= Voting trust =

A voting trust is an arrangement whereby the shares in a company of one or more shareholders and the voting rights attached thereto are legally transferred to a trustee, usually for a specified period of time (the "trust period"). In some voting trusts, the trustee may also be granted additional powers (such as to sell or redeem the shares). At the end of the trust period, the shares would ordinarily be re-transferred to the beneficiary, although in practice many voting trusts contain provisions for them to re-vested on the voting trusts with identical terms.

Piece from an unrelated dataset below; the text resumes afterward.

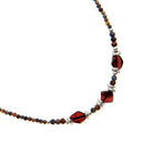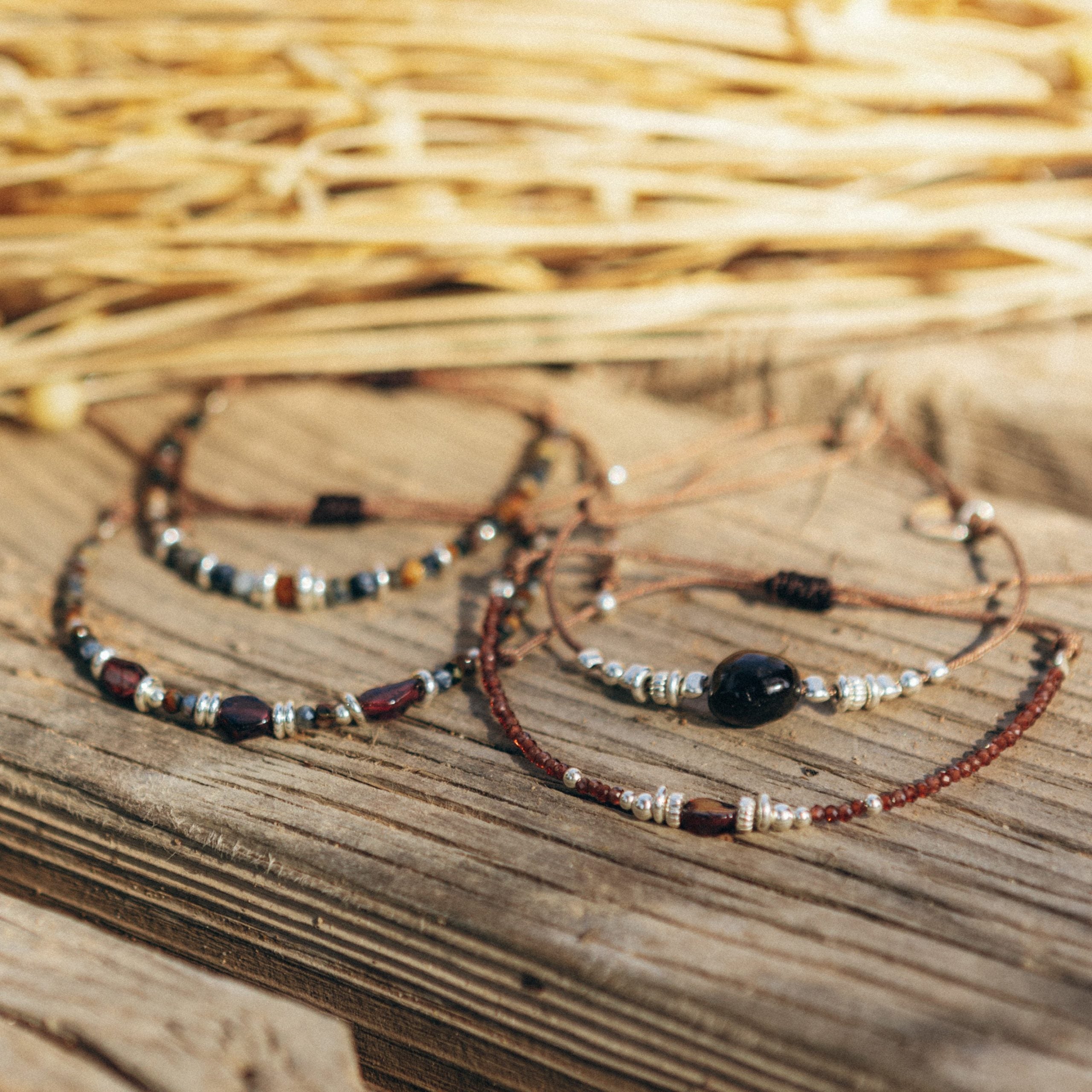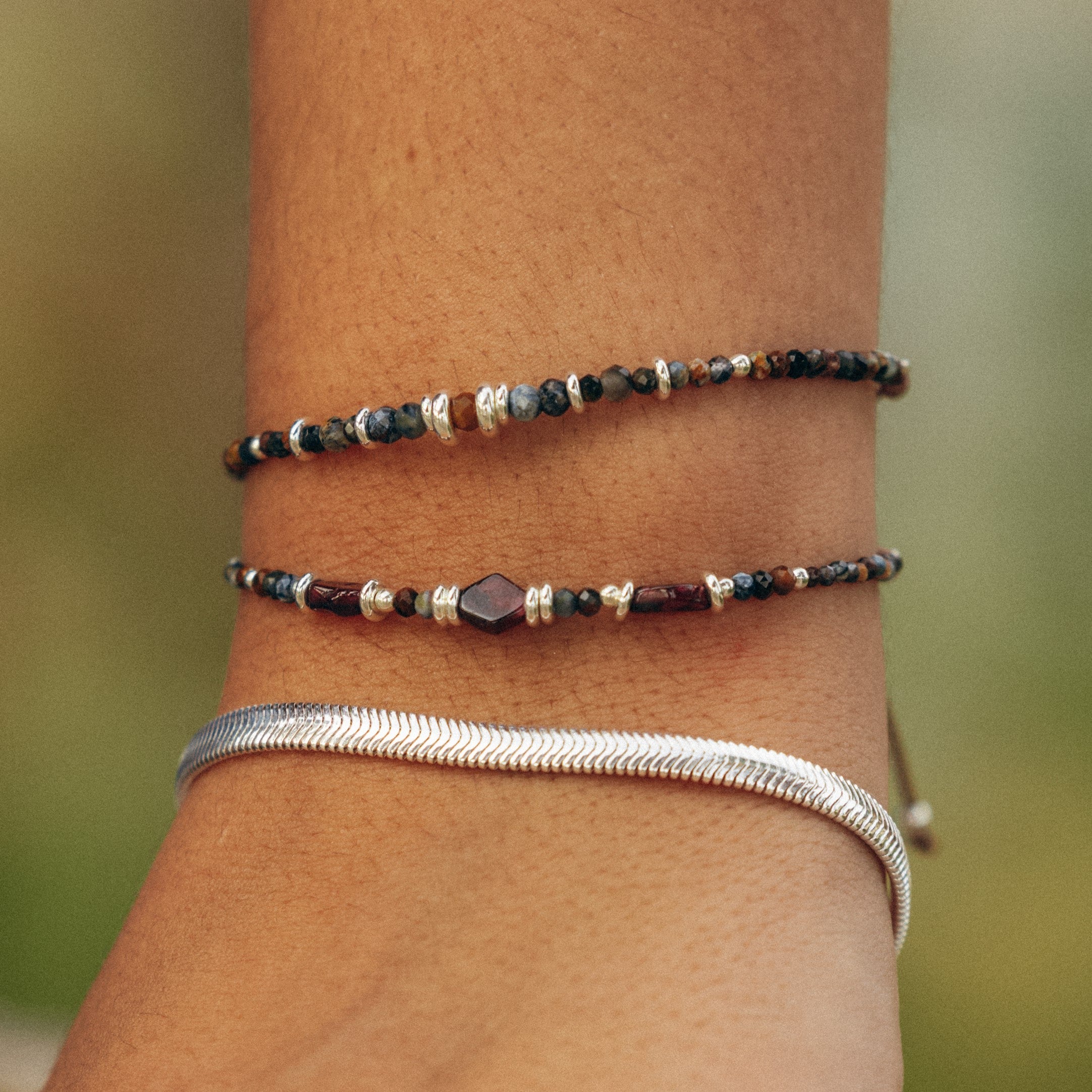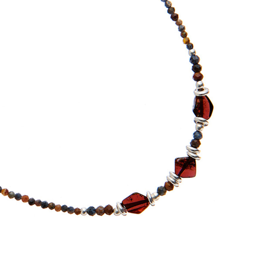 Pulsera hecha a mano con piedrecitas Pietersita natural de distintos tamaños, entre piezas en plata de ley y tres piedras Granates centrales en forma de rombo.

Voting trusts were made popular in Delaware corporate law, but they have since been adopted widely by other states in the United States. They have also been extensively adopted in offshore jurisdictions.

== Purposes ==
Some advantages to a voting trust include:
- Several shareholders may wish to create a unified block of votes, which together gives them more power than the collective sum of their fragmented interests.
- In many countries, to call general meetings, shareholders need to hold a certain percentage of the issued shares of the company. By aggregating their shares, the shareholders can confer this power on themselves collectively where they might not have it individually.
- Locking shares in voting trusts can, in some countries, help deter a hostile takeover.
- Voting trusts are sometimes used to resolve conflicts of interest. By putting the shares in a trustee who can vote them at arm's length from the beneficiary(ies) of the trust, this can in some circumstances mitigate or absolve the original shareholder from what might otherwise constitute a conflict of interest (although in practice, to resolve conflicts of interest the trust will ordinarily be ac"blind trust"; while all blind trusts are necessarily voting trusts, not all voting trusts are blind trusts).
- Shares are sometimes aggregated into a voting trust to facilitate a corporate reorganization.
- Promoters of companies sometimes aggregate their shares in a voting trust to safeguard control of the company.